Wednesday, August 5, 2015
"Oxfords, not Brogues" - Kingsman: The Secret Service
Those Scots, ya gotta love 'em. And I confess I love Mark Millar, the prolific and rather unhinged comic book mastermind who's authored everything from Civil War to Wanted to Kick-Ass. He has a cinematic style that's over the top, putting it mildly. He's also got a deep breadth of fond knowledge of the spy genre, so a movie like Kingsman: The Secret Service was inevitable. That it attracted a director of Matthew Vaughn's sensibilities might just be serendipity.

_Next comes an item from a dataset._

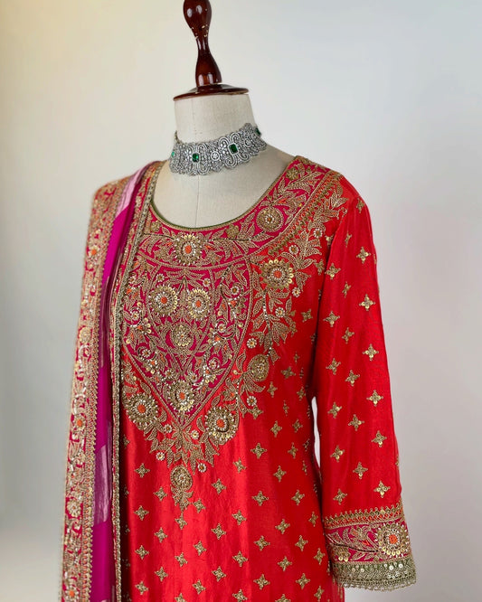 CHANDERI BLOCK PRINTED UMRAO STYLE ANARKALI SET
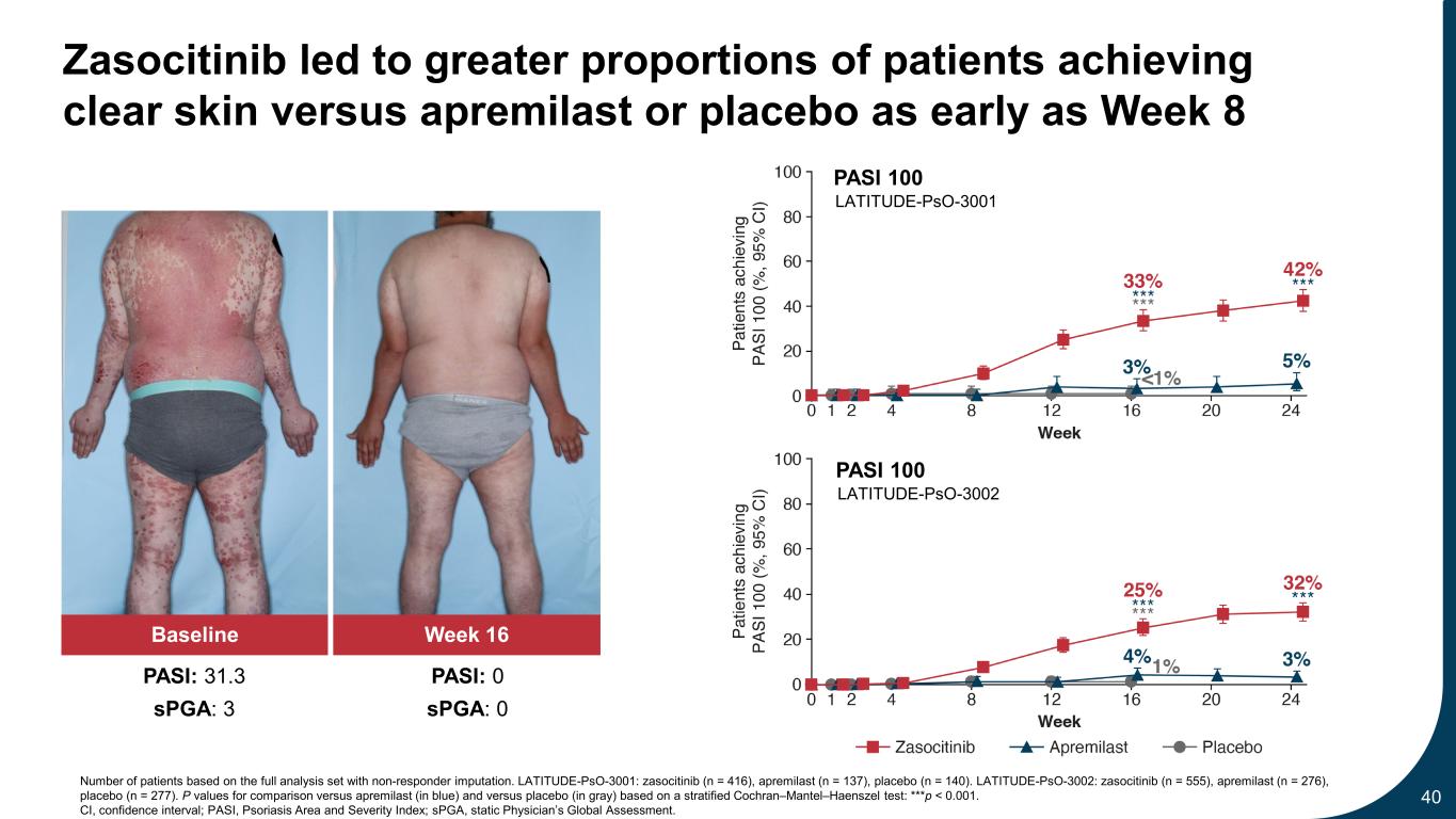 39 Zasocitinib led to greater proportions of patients achieving clear skin versus apremilast or placebo as early as Week 8 Number of patients based on the full analysis set with non-responder imputation. LATITUDE-PsO-3001: zasocitinib (n = 416), apremilast (n = 137), placebo (n = 140). LATITUDE-PsO-3002: zasocitinib (n = 555), apremilast (n = 276), placebo (n = 277). P values for comparison versus apremilast (in blue) and versus placebo (in gray) based on a stratified Cochran–Mantel–Haenszel test: ***p < 0.001. CI, confidence interval; PASI, Psoriasis Area and Severity Index; sPGA, static Physician’s Global Assessment. sPGA 0 LATITUDE-PsO-3001 sPGA 0 LATITUDE-PsO-3002 PASI 100 LATITUDE-PsO-3001 PASI 100 LATITUDE-PsO-3002

Going in, you should know that Kingsman is first and foremost two things - incredibly funny, and possibly the most violent film you can imagine. You're going to have to get some peanut butter on your chocolate, and that peanut butter - it's chunky.
Taron Egerton is Gary "Eggsy" Unwin, an orphaned London street tough who finds himself recruited by a beyond-secret group of British agents - The Kingsmen. Harry Hart (Colin Firth) might just as well be called John Steed - impeccably attired, Firth is the epitome of the English Gentleman spy, whose posh exterior belies the fact that he's a lethal master of combat that might cause James Bond to raise an eyebrow. Feeling a debt is owed, Harry recruits Eggsy as a candidate Kingsman - one of several young protégées who must vie for a job opening in a fantastic series of increasingly dangerous tests to see who's the last one standing. Meanwhile, a tech billionaire uber-villain (Thamuel L. Jackthon) is unrolling a scheme that threatens...the fate of the very world. Vaughn (Layer Cake, Kick-Ass, X-Men: First Class) is on familiar turf when it comes to sixties style and Brit cloak and dagger - he gets Millar's humor and charges toward the R-rating with unhinged glee. Some of the riffs may have you thinking, Is this Austin Powers? But Kingman takes the idea of style to an extreme degree - it's all Savile Row, not Carnaby Street.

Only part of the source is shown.